= Beginning of Section =

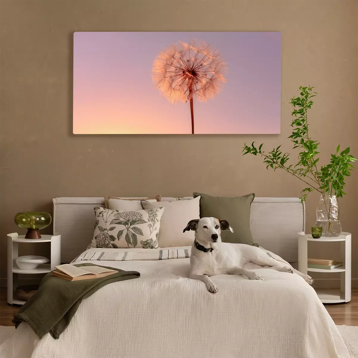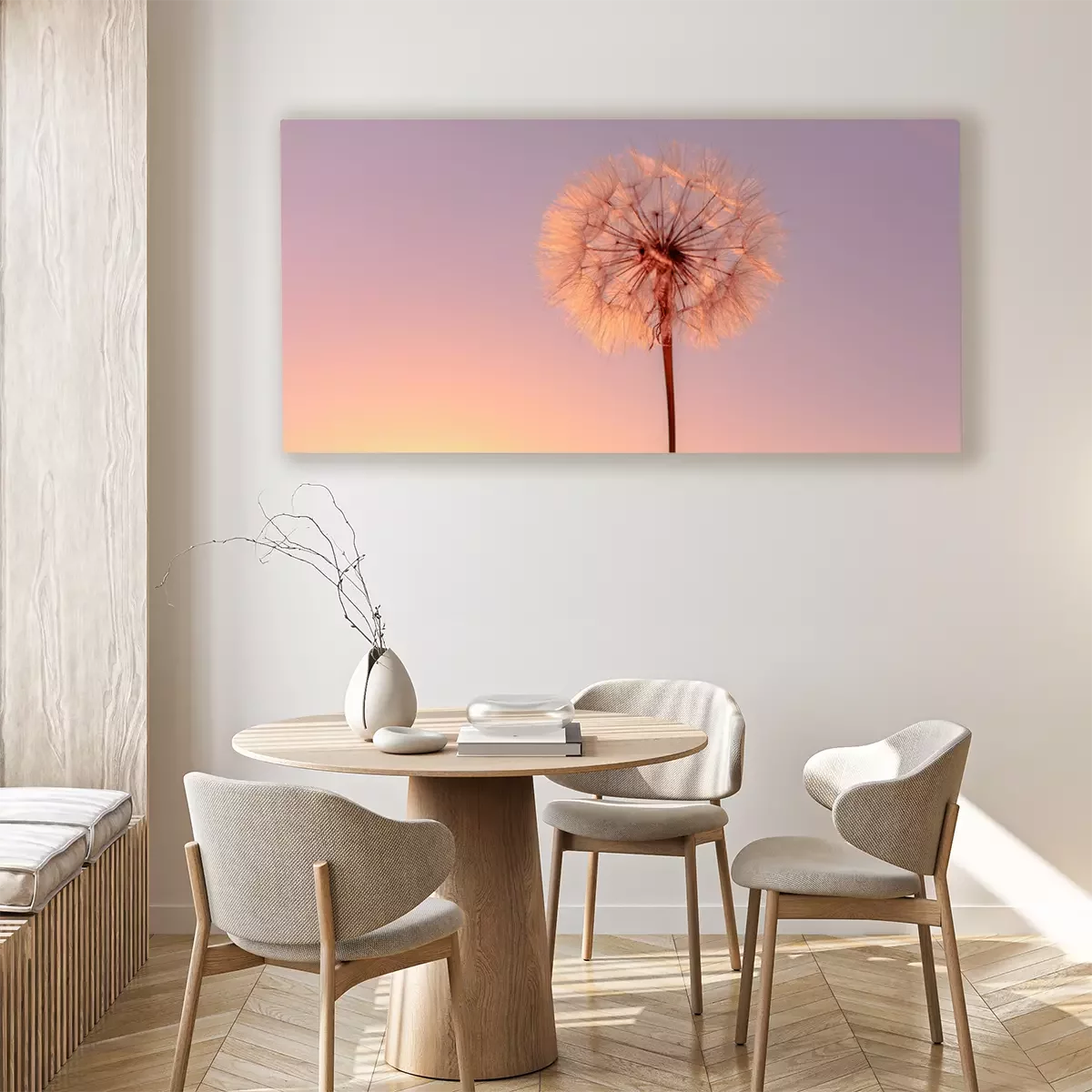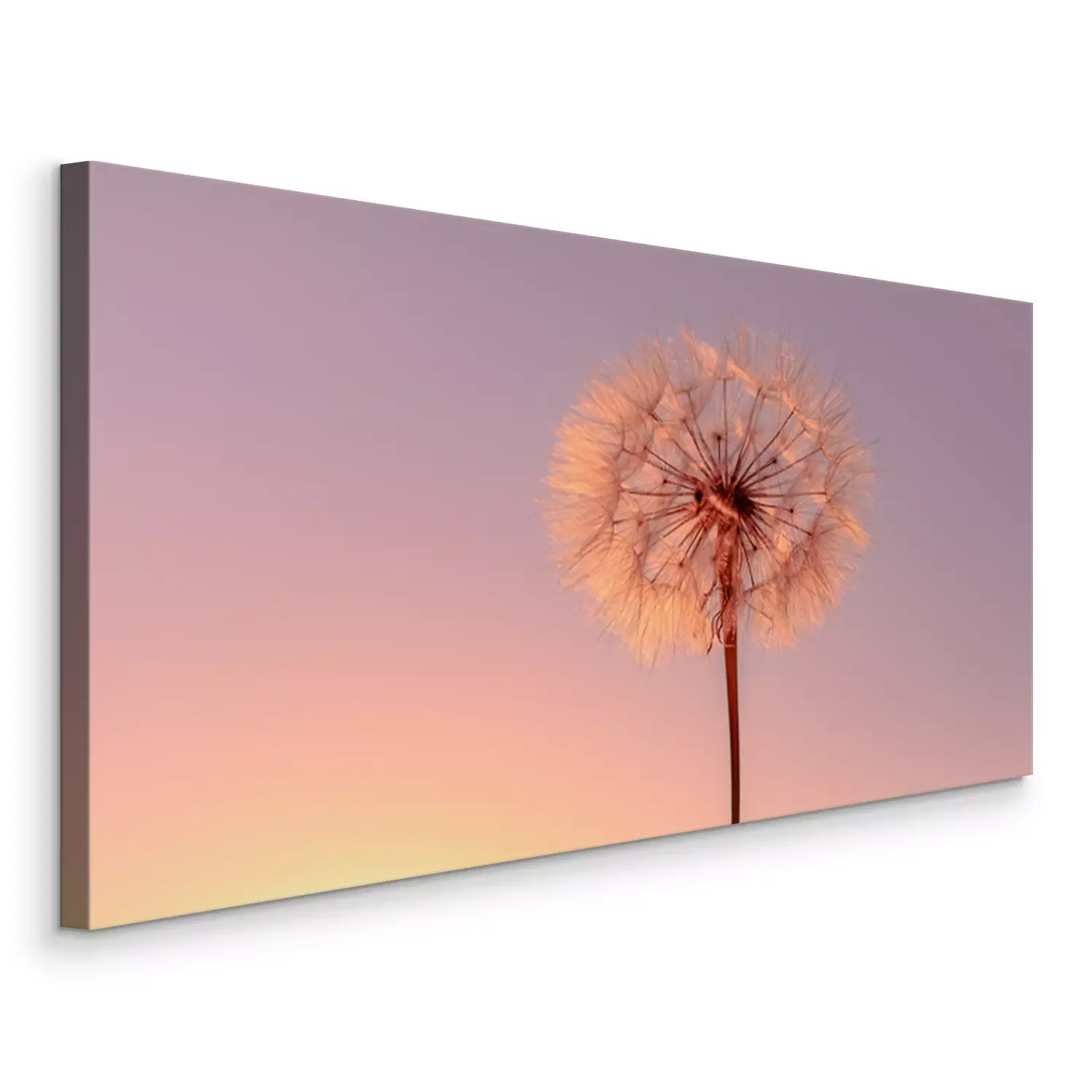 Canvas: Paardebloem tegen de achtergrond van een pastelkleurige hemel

= End of Section =
= Beginning of Section =

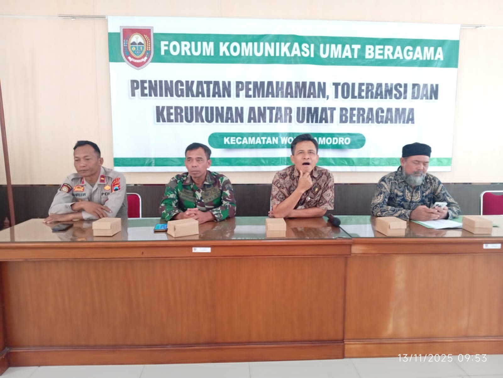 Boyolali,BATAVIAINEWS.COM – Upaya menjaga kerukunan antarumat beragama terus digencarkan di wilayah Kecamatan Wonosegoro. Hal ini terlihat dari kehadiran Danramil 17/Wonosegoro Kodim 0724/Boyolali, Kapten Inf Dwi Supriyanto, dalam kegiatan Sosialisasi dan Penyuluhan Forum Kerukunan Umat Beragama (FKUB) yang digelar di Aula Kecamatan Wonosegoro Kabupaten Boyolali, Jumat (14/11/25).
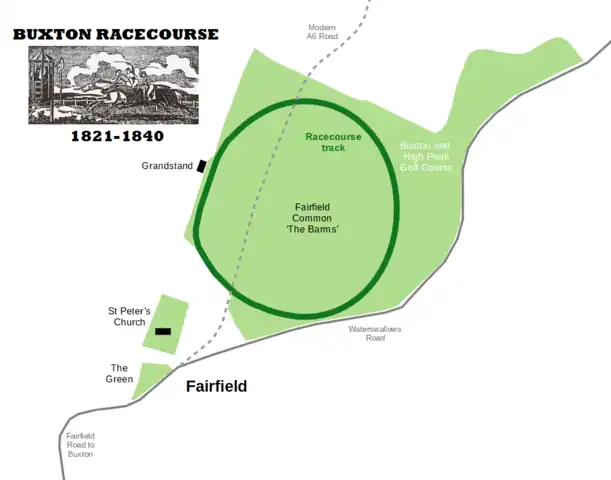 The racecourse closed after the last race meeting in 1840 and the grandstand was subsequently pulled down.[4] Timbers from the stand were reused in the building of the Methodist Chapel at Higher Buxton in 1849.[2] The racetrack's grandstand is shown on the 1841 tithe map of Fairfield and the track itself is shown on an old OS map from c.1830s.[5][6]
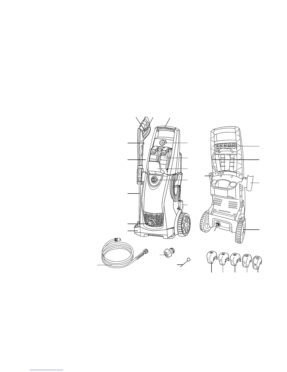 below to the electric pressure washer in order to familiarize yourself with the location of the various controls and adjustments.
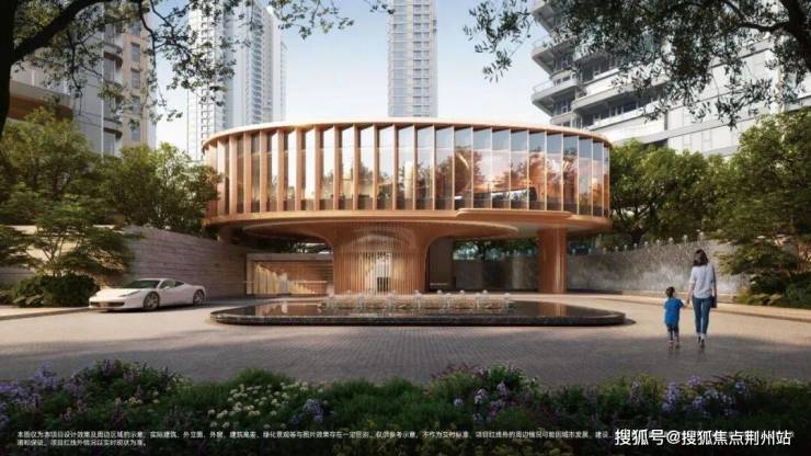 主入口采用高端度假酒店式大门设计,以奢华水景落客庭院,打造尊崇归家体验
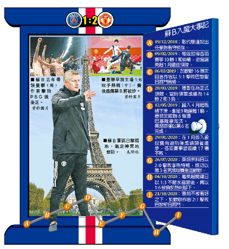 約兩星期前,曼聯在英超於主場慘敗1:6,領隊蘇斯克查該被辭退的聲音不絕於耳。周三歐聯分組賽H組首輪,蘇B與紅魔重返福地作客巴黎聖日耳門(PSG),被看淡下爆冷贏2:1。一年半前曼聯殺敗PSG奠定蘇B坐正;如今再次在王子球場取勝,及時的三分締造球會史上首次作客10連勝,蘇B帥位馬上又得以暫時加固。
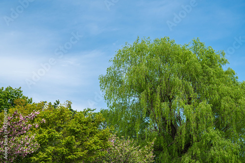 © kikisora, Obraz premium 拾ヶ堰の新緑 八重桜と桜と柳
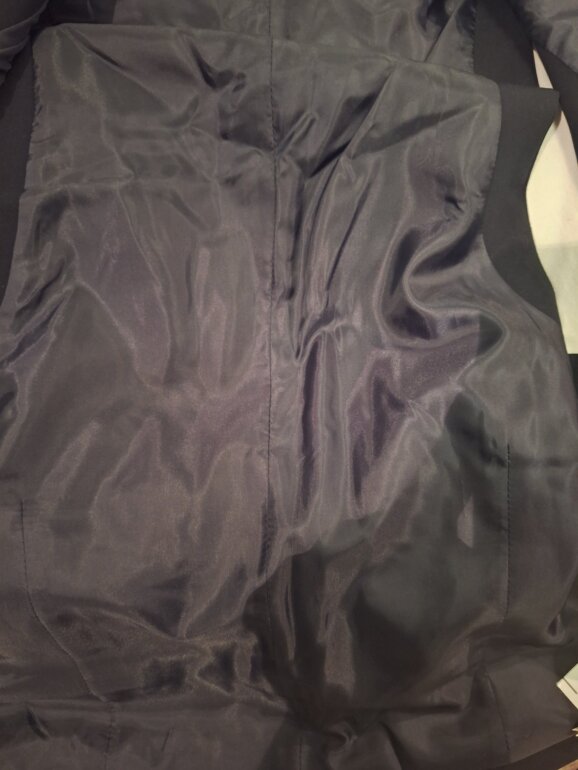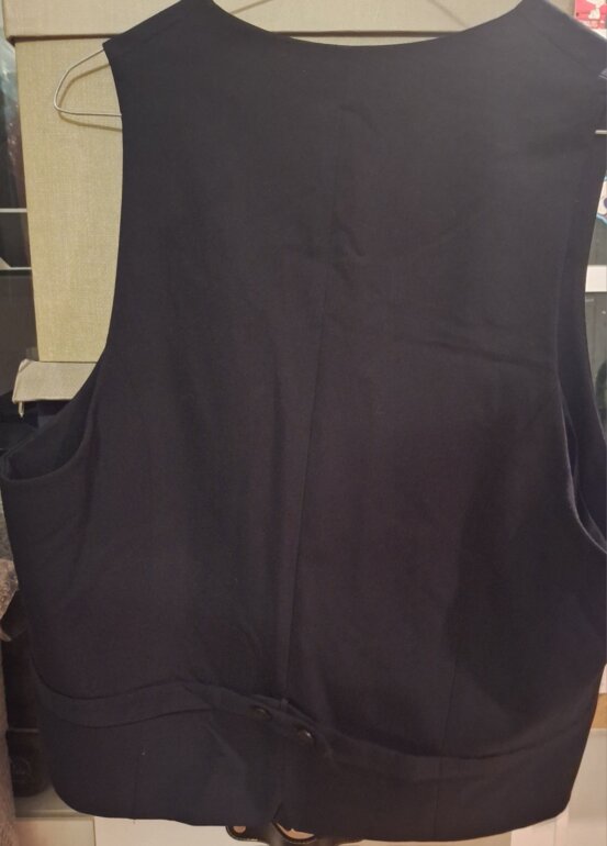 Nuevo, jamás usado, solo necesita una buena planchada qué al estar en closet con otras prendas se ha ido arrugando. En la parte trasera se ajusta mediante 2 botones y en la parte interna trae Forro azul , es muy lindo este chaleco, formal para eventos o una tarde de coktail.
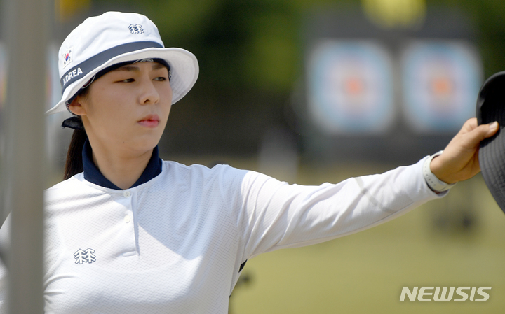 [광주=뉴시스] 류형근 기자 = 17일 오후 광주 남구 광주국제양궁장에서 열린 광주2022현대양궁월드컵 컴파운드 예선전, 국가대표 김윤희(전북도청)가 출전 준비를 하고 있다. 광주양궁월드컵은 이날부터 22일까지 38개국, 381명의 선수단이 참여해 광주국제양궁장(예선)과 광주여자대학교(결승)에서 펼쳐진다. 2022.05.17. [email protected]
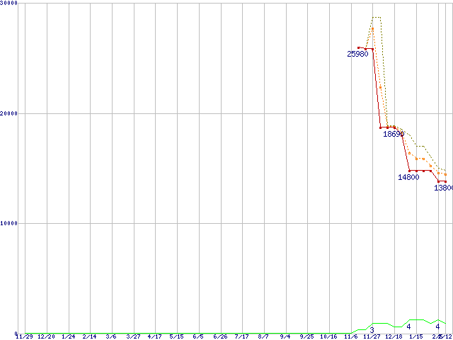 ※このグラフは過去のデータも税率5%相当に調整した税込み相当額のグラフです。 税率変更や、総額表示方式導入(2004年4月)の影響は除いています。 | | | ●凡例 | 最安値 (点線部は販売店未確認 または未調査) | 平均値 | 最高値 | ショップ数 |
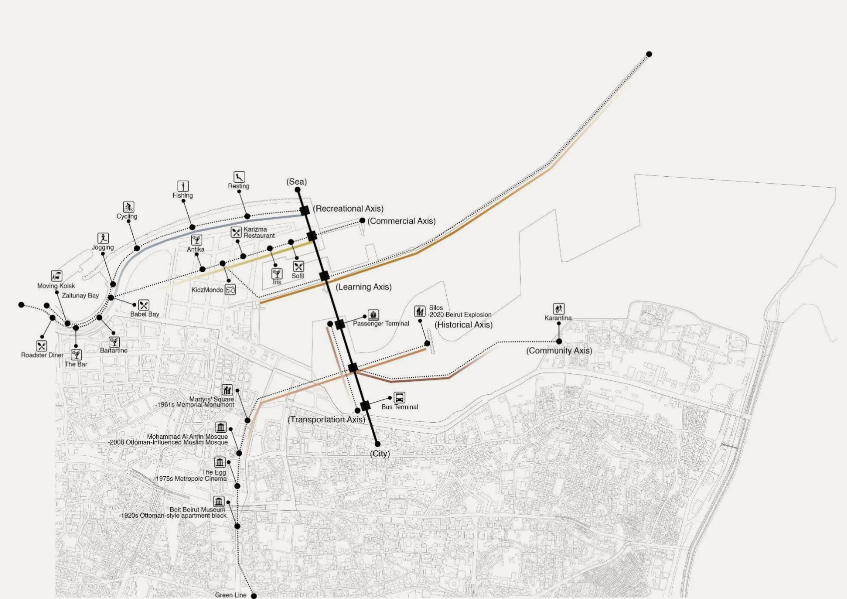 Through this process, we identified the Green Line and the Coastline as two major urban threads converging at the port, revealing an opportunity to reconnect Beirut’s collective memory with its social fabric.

= End of Section =
= Beginning of Section =

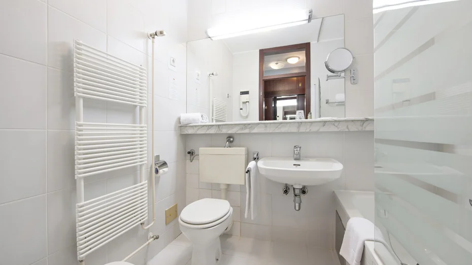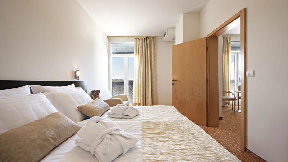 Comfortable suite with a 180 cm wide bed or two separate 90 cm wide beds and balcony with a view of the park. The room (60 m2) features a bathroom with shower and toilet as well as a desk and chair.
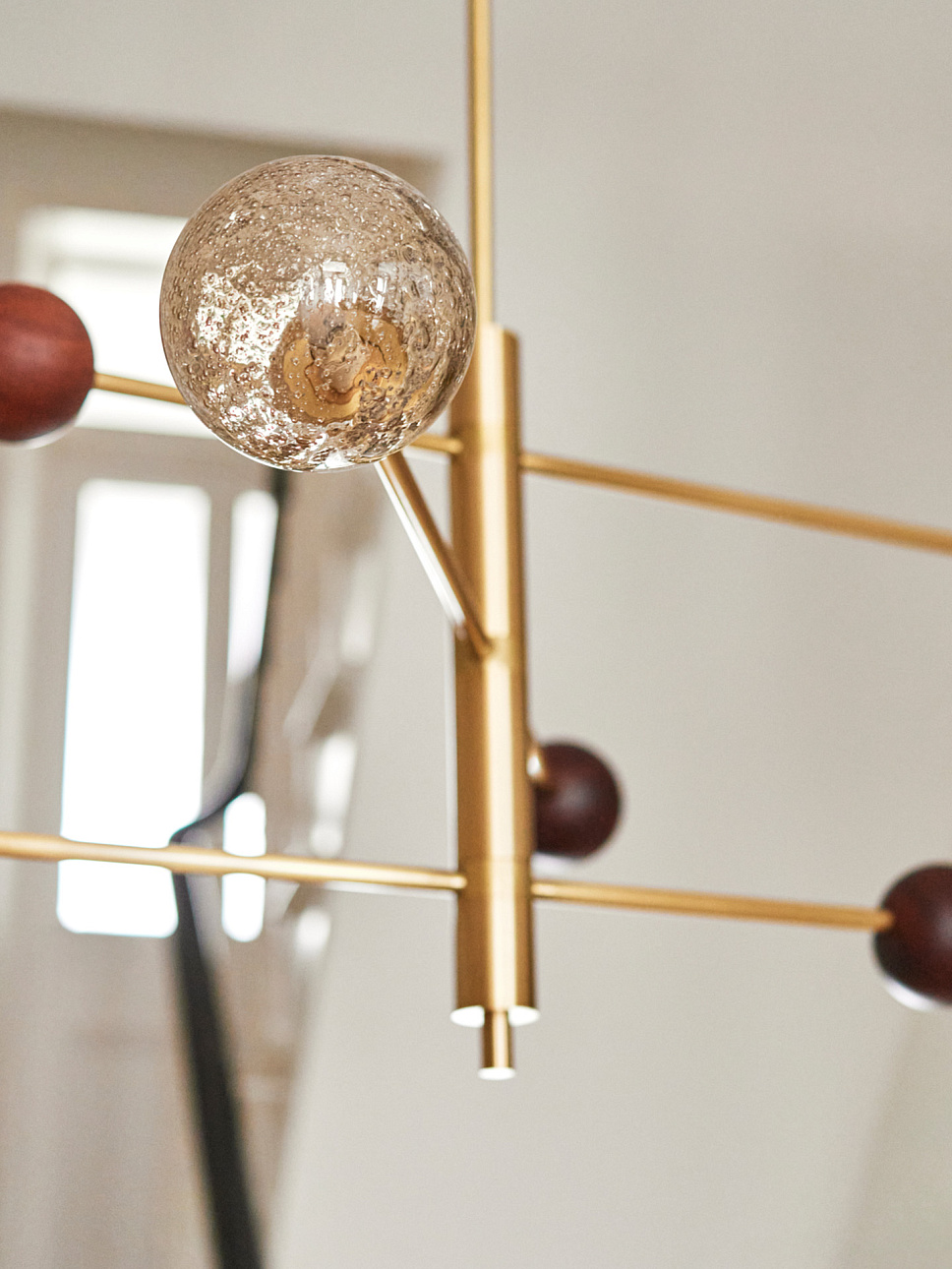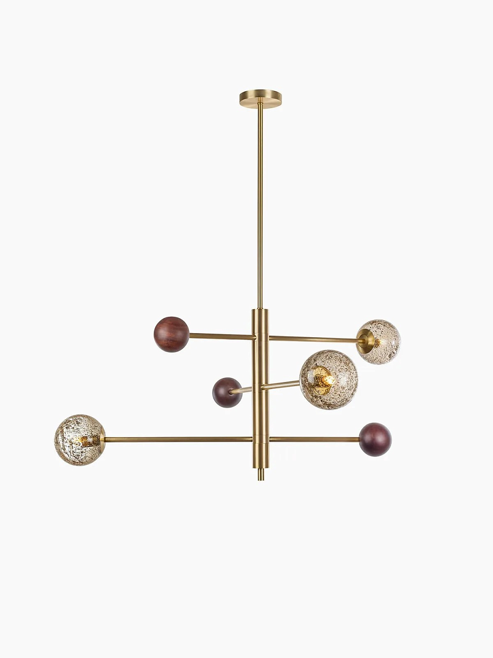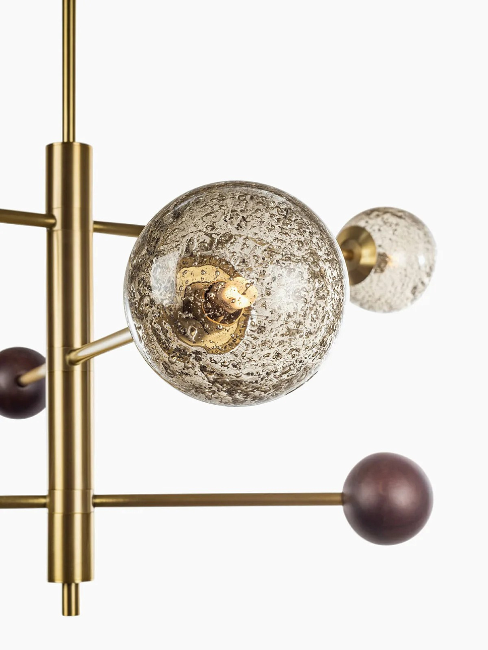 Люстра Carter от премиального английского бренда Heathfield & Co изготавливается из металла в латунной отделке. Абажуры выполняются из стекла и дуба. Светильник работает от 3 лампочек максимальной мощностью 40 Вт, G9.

= End of Section =

• **WHAT THE EXERCISE ASKS**:
Both the line containing "The racecourse closed" and the line containing "Through this process, we" above belong in the output, as do the lines between them. Print them exactly, without pictures.

• **ANSWER FOR THE TASK**:
 The racecourse closed after the last race meeting in 1840 and the grandstand was subsequently pulled down.[4] Timbers from the stand were reused in the building of the Methodist Chapel at Higher Buxton in 1849.[2] The racetrack's grandstand is shown on the 1841 tithe map of Fairfield and the track itself is shown on an old OS map from c.1830s.[5][6]
 below to the electric pressure washer in order to familiarize yourself with the location of the various controls and adjustments.
 主入口采用高端度假酒店式大门设计,以奢华水景落客庭院,打造尊崇归家体验
 約兩星期前,曼聯在英超於主場慘敗1:6,領隊蘇斯克查該被辭退的聲音不絕於耳。周三歐聯分組賽H組首輪,蘇B與紅魔重返福地作客巴黎聖日耳門(PSG),被看淡下爆冷贏2:1。一年半前曼聯殺敗PSG奠定蘇B坐正;如今再次在王子球場取勝,及時的三分締造球會史上首次作客10連勝,蘇B帥位馬上又得以暫時加固。
 © kikisora, Obraz premium 拾ヶ堰の新緑 八重桜と桜と柳
 Nuevo, jamás usado, solo necesita una buena planchada qué al estar en closet con otras prendas se ha ido arrugando. En la parte trasera se ajusta mediante 2 botones y en la parte interna trae Forro azul , es muy lindo este chaleco, formal para eventos o una tarde de coktail.
 [광주=뉴시스] 류형근 기자 = 17일 오후 광주 남구 광주국제양궁장에서 열린 광주2022현대양궁월드컵 컴파운드 예선전, 국가대표 김윤희(전북도청)가 출전 준비를 하고 있다. 광주양궁월드컵은 이날부터 22일까지 38개국, 381명의 선수단이 참여해 광주국제양궁장(예선)과 광주여자대학교(결승)에서 펼쳐진다. 2022.05.17. [email protected]
 ※このグラフは過去のデータも税率5%相当に調整した税込み相当額のグラフです。 税率変更や、総額表示方式導入(2004年4月)の影響は除いています。 | | | ●凡例 | 最安値 (点線部は販売店未確認 または未調査) | 平均値 | 最高値 | ショップ数 |
 Through this process, we identified the Green Line and the Coastline as two major urban threads converging at the port, revealing an opportunity to reconnect Beirut’s collective memory with its social fabric.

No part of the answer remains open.